If you are acquitted by a jury in a criminal trial, the prosecution cannot appeal the verdict. But what if you are convicted and the judge decides to impose a more lenient sentence than the prosecution wanted? Can the state appeal that decision?

Florida Appeals Court Orders New Sentencing Hearing for Man Convicted of Threatening Girlfriend with a Gun

A recent decision from the Florida Fourth District Court of Appeal, State v. Guerra, helps illustrate the answers to these questions. This case involved a defendant charged with battery and aggravated assault with a deadly weapon. According to prosecutors, the defendant on two separate occasions threatened his girlfriend with a semi-automatic weapon.

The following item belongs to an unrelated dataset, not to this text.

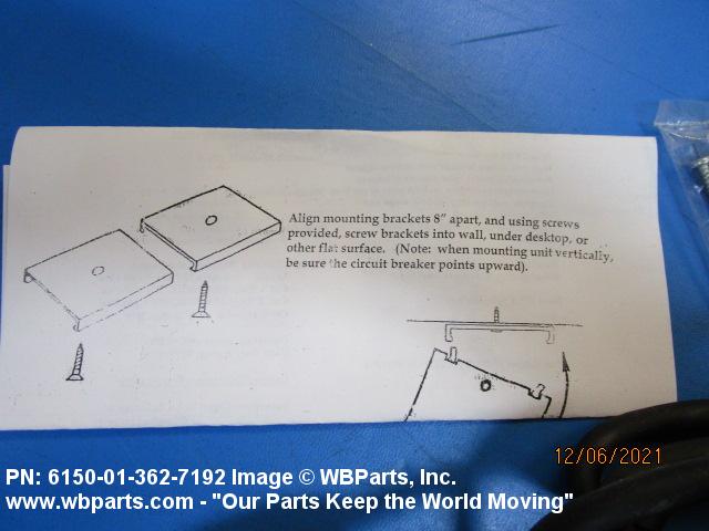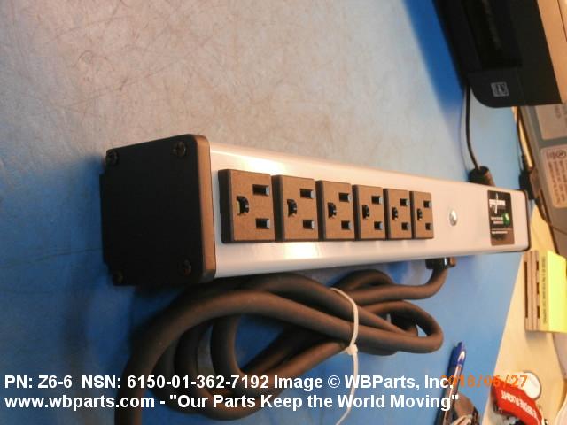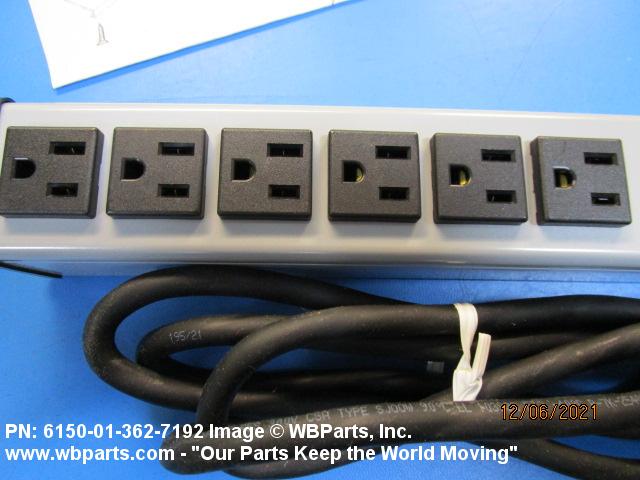 6150-01-362-7192 An enclosed item consisting of one or more CONNECTOR, RECEPTACLE, ELECTRICAL, mounted on a common mounting. It is designed to be electrically connected to a power supply cable or cord which may be included. It may consist of one or more of the following accessories in various combinations; alarms, circuit breakers, switches and the like that control/protect the device. It may be permanently mounted.
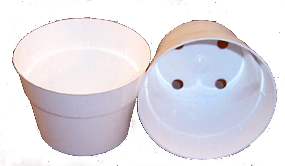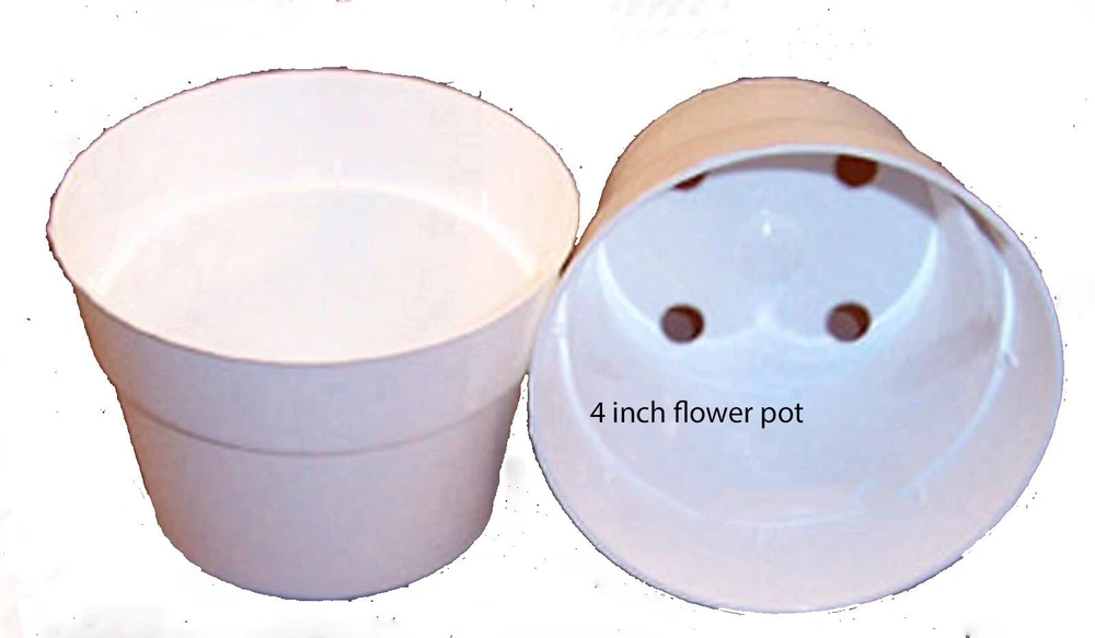 50- 4 inch WHITE PLASTIC FLOWER POTS Sturdy, reusable UV resistant green plastic, made in USA-injected molded. Made for commercial growing trade and hobbyist, perfect for African violets and small plants, suitable for starting leaves and seeds Pots measure approx. 4 inches in diameter, 3 inches tall, 2 3/4 inches base diameter Please review the photo shown. USA shipping only. I do my best to describe and picture an item accurately, so you know what you are bidding on. Please see the images and use them as the final reference to decide for yourself. Please e-mail any questions you have regarding an item prior to buying. Feedback: If there is any problem with the item, please email me before leaving neutral or negative feedback. I have worked very hard to maintain a 100% positive feedback, and most problems can be worked out through communication.

The defendant entered a “no contest” plea on all charges. At sentencing, the defense asked for what is known as a “downward departure.” Basically, when a person is convicted of a felony, the court must sentence the defendant to a specified minimum prison sentence unless the judge finds there are valid grounds to go below the minimum, i.e., to make a downward departure.

In this case, the defendant cited a provision of state law that permits a downward departure when the offense “was committed in an unsophisticated manner and was an isolated incident for which the defendant has shown remorse.” The trial judge accepted this argument and granted the downward departure. Consequently, the defendant received a sentence of community control followed by probation, but no jail time.

The prosecution appealed, arguing that the downward departure was incorrect as a matter of law. The Fourth District agreed and ordered a new sentencing hearing. The appellate court’s main issue was that there was “insufficient evidence” of the defendant’s remorse. Based on the transcript of the original sentencing hearing, the Fourth District said the defendant had not shown remorse. To the contrary, he “actively maintained his innocence and refused to accept responsibility for the crime.” Furthermore, the defendant “insinuated that the victim fabricated the incidents.”

The appellate court noted that simply entering a “no contest” plea was not, in and of itself, sufficient evidence of remorse to justify a downward departure.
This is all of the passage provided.